RECORDS FOR THIS EXERCISE section start

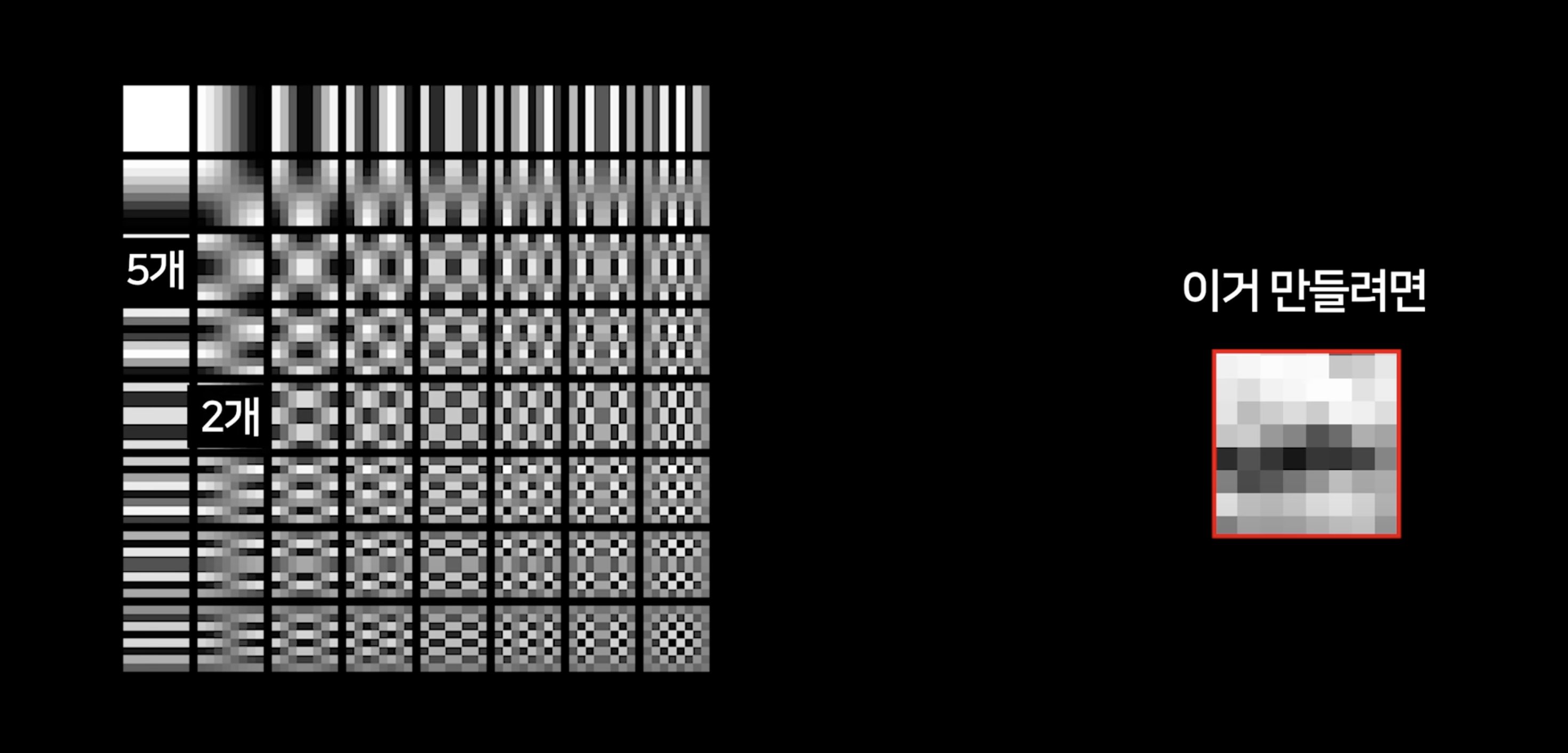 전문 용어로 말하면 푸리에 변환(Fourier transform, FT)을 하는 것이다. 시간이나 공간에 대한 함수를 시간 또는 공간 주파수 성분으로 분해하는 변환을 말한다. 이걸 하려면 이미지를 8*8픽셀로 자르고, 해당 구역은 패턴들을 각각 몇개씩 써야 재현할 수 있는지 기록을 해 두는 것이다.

RECORDS FOR THIS EXERCISE section end
RECORDS FOR THIS EXERCISE section start

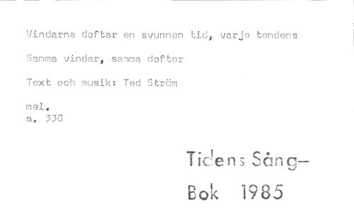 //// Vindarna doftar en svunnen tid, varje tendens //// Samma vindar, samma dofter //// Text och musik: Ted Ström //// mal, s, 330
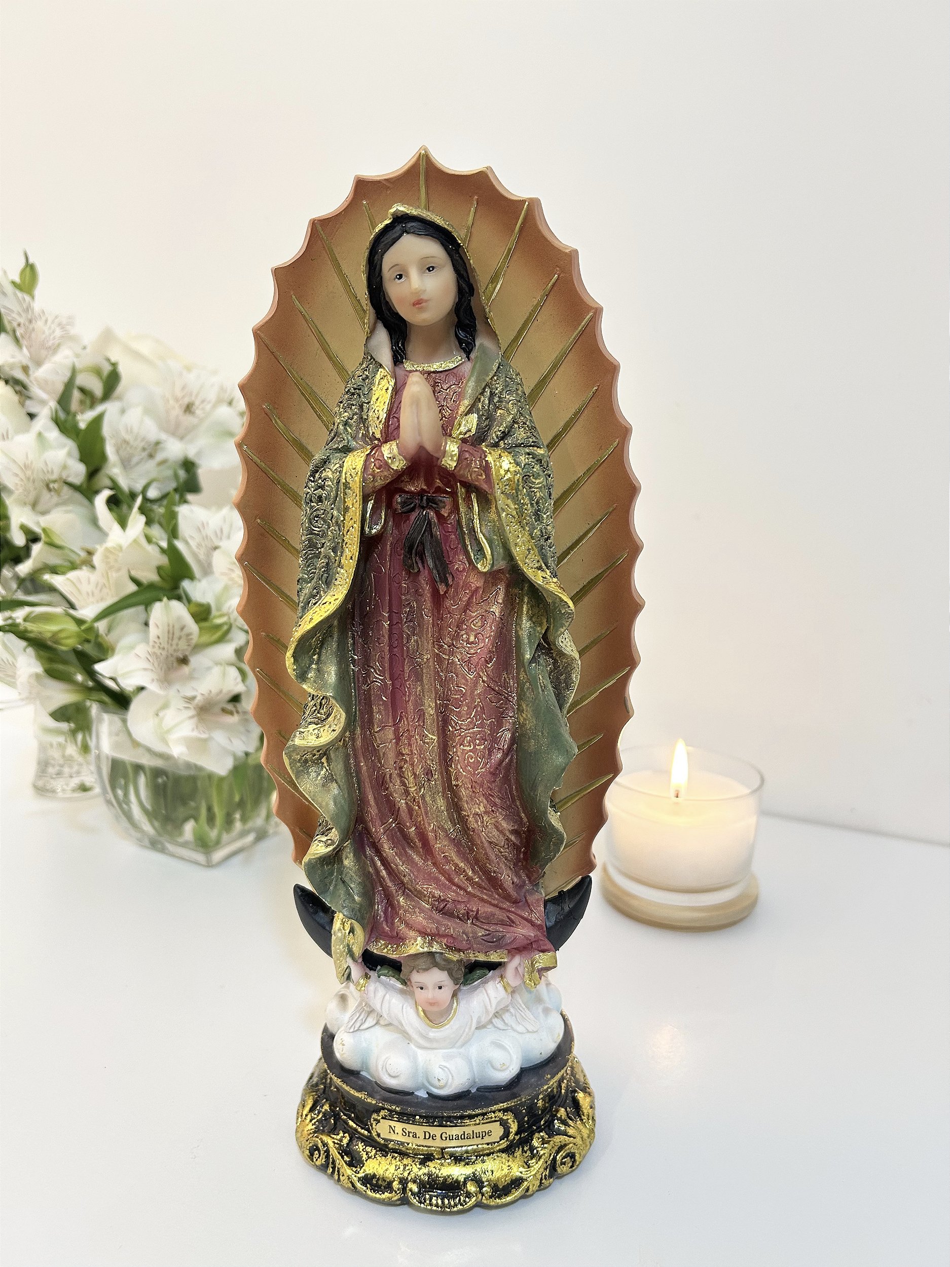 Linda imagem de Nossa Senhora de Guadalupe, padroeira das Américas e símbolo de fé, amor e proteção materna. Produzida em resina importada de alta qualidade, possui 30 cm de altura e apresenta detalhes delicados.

RECORDS FOR THIS EXERCISE section end

## REQUIRED ACTION
Taking the entries above, extract every line from the one bearing "mal, s, 330" through the one bearing "Linda imagem de", exactly, with no pictures.

## ANSWER TO THIS TASK
 //// Vindarna doftar en svunnen tid, varje tendens //// Samma vindar, samma dofter //// Text och musik: Ted Ström //// mal, s, 330
 Linda imagem de Nossa Senhora de Guadalupe, padroeira das Américas e símbolo de fé, amor e proteção materna. Produzida em resina importada de alta qualidade, possui 30 cm de altura e apresenta detalhes delicados.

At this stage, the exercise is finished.